What you will do = Will you output all of the data below exactly, omitting the images?

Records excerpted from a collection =

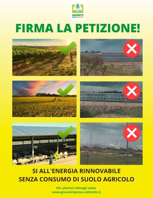 Coldiretti Giovani Impresa lancia la petizione a tutela del suolo agricolo chiedendo alle istituzioni di investire nelle fonti alternative di energia senza dimenticare il ruolo fondamentale dell’agricoltura e la bellezza unica dei nostri territori, che andrebbero compromessi senza una programmazione territoriale degli impianti fotovoltaici a terra.
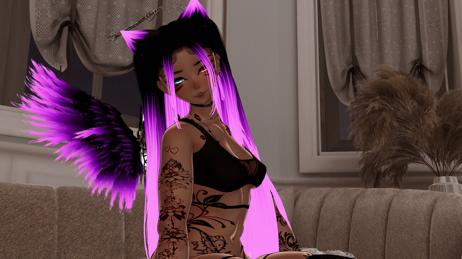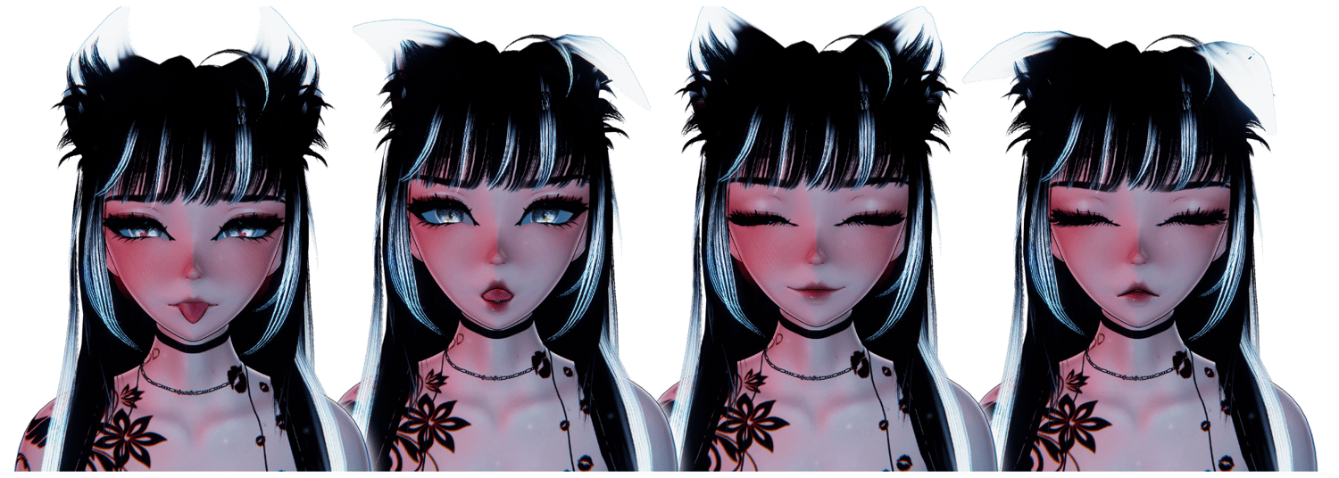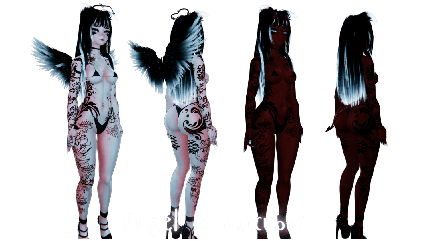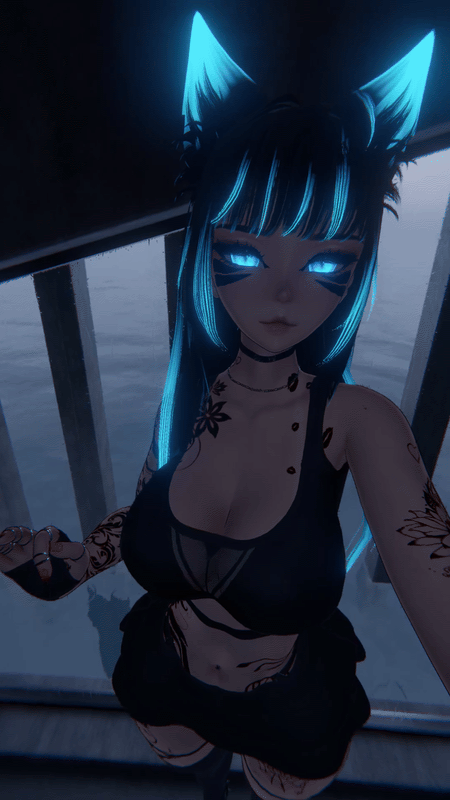 More clothing: Leggings/Shorts/2 Bras/Sports Bra/Wet Shirt/Locked Up/High Tops/Thigh Highs, more body type options, more hair, Head Pat, Boop, Customizable rings, puppy tail, species animation (ears and tail), nails with multiple shapes and colors, cheek stripe, 3 face presets, separate colors/emission on the eyes, 2 wet body options, audiolink, succubus and angel modes can be combined, optimized parameters, ear movement with facial expressions and some optimization.
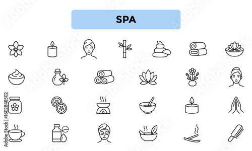 Spa Line Icons Pack – Vector Icons for Wellness, Relaxation, Massage, Aromatherapy, and Beauty Design Projects
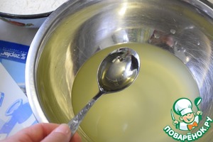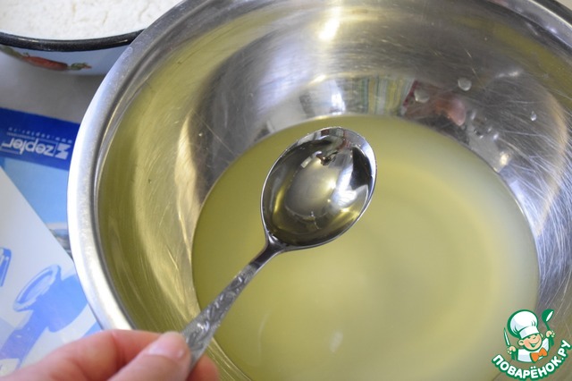 В миску вылить сыворотку, добавить соду и фруктозу. Перемешать. Добавить растительное масло. Перемешать.
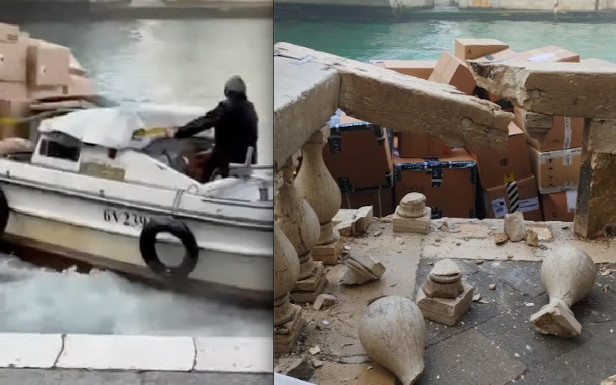 VIDEO | Venezia, Ruba una barca e si schianta, distruggendo la balaustra al ponte del Rialto

Reply to the exercise =
 Coldiretti Giovani Impresa lancia la petizione a tutela del suolo agricolo chiedendo alle istituzioni di investire nelle fonti alternative di energia senza dimenticare il ruolo fondamentale dell’agricoltura e la bellezza unica dei nostri territori, che andrebbero compromessi senza una programmazione territoriale degli impianti fotovoltaici a terra.
 More clothing: Leggings/Shorts/2 Bras/Sports Bra/Wet Shirt/Locked Up/High Tops/Thigh Highs, more body type options, more hair, Head Pat, Boop, Customizable rings, puppy tail, species animation (ears and tail), nails with multiple shapes and colors, cheek stripe, 3 face presets, separate colors/emission on the eyes, 2 wet body options, audiolink, succubus and angel modes can be combined, optimized parameters, ear movement with facial expressions and some optimization.
 Spa Line Icons Pack – Vector Icons for Wellness, Relaxation, Massage, Aromatherapy, and Beauty Design Projects
 В миску вылить сыворотку, добавить соду и фруктозу. Перемешать. Добавить растительное масло. Перемешать.
 VIDEO | Venezia, Ruba una barca e si schianta, distruggendo la balaustra al ponte del Rialto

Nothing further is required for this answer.